Monument to the 26 Baku Commissars
From the Gumdag turning, the main road from Turkmenbashy to Ashgabat bypasses the district capital of Bereket, formerly Gazandjyk, some 125km east of Balkanabat. Ten kilometres west of Bereket, the main road crosses over the railway. A kilometre west of this railway bridge, an asphalt road to the north is unpromisingly marked with a no entry sign. The purpose of the sign appears to be simply to warn of the pot-holed character of the road, and this is certainly not a side trip to attempt after dusk. But it is nonetheless an interesting detour, to the place of execution of the 26 Baku Commissars.

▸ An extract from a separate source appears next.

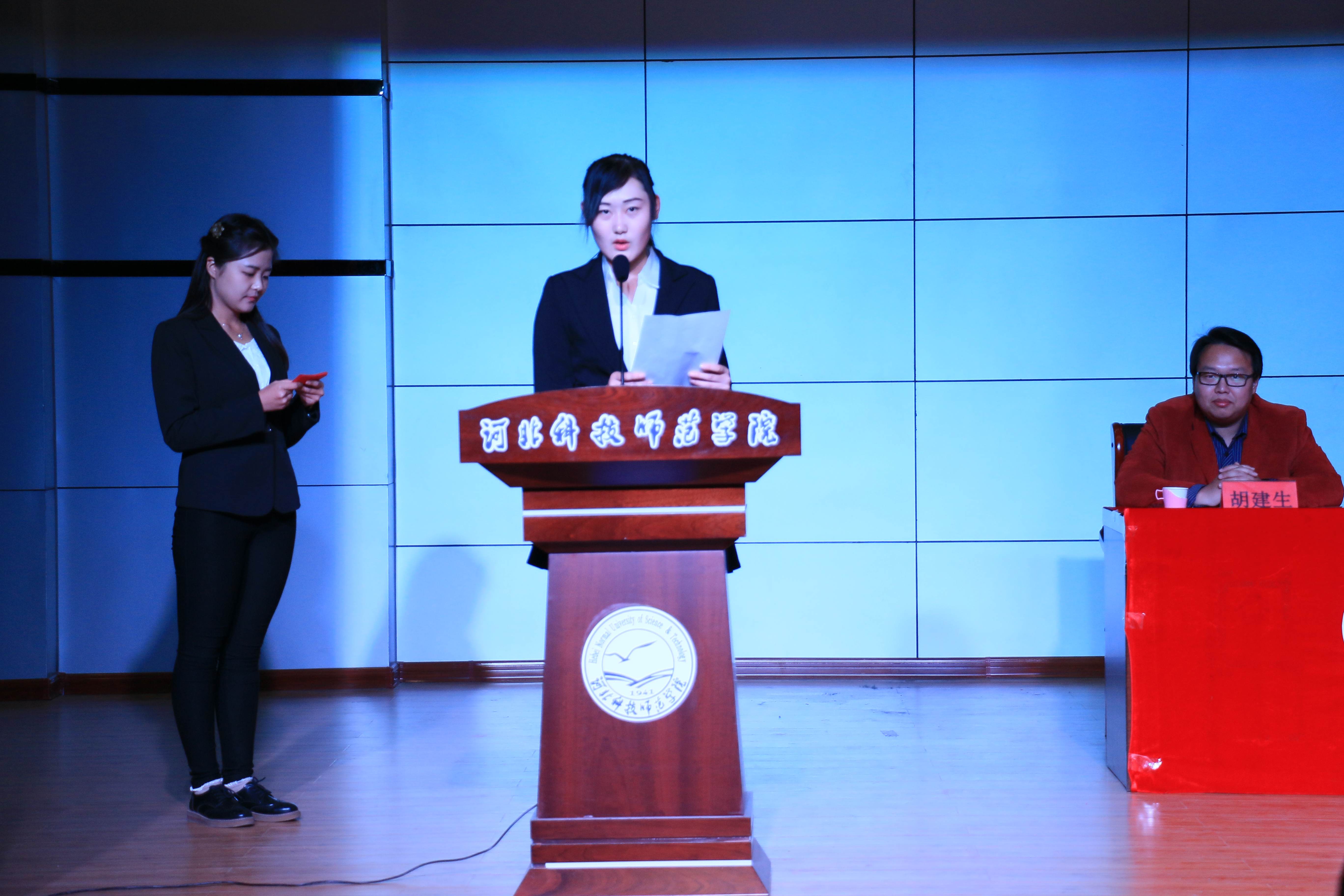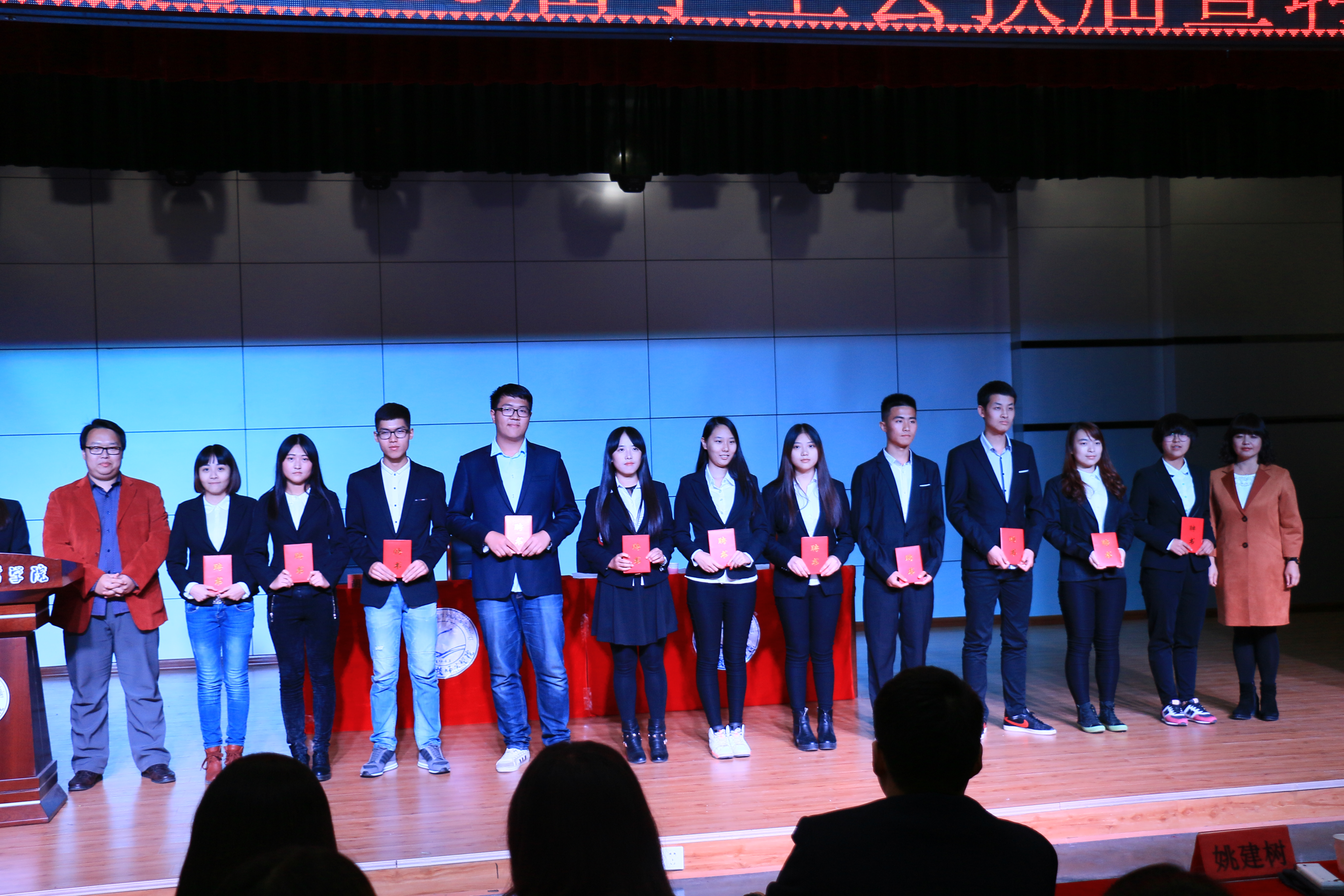 仪式开始了,首先全体起立奏唱国歌,接下来由2014届工商员工会主席李苑发表讲话,工作三年,满怀对员工会的感情,并提出了对下一届员工会成员的要求和期盼,打造精品工商。接下来韩老师和胡老师为前一任员工会主席们颁发纪念品,带着的不仅是纪念品更是老师和同学们的热情和期待!接着李强华教授和韩晓霞老师分别公布新一届员工会成员聘任名单,由李强华教授为各个主席们颁发聘书,胡建生老师宣布员工会各个部门的部长们和主席团下属机构负责人名单,由韩老师和胡老师为部长们颁发聘任证书,新一届成员们面带笑容光荣上岗,代表的是一种责任!接着由王泽强主席讲话,言辞坚定,提出了对工商员工会的工作规划和工作要求,为打造精品工商不懈努力!最后由刘恩峰教授做贺词,此次仪式圆满结束。

The road heads towards the eastern foothills of the massif known as Little Balkan, passing on the right a railway halt which still bears the name of Shaumian, the most prominent of the commissars. After reaching a small village of livestock farmers, continue for 6km, before taking a turning to the right which runs a few hundred metres down to a derelict railway station. Here stands a rectangular monument in gradually disintegrating pink-and-white tiling. Most of the lettering, which once spelled out the names of the commissars, has gone, but it is still possible to make out the main inscription, which records that the blood of the 26 Baku Commissars was shed for the happiness and freedom of the people, and was not given in vain. Once carefully tended flower beds around the monument are now full of dead bushes.
A couple of hundred metres up the line in the Balkanabat direction, on the other side of the track, stands a smaller metal monument, erected by factory workers in 1935 in memory of the commissars, 'shot by bandits'. This is a silent spot, the railway line snaking through an undulating desert scrub.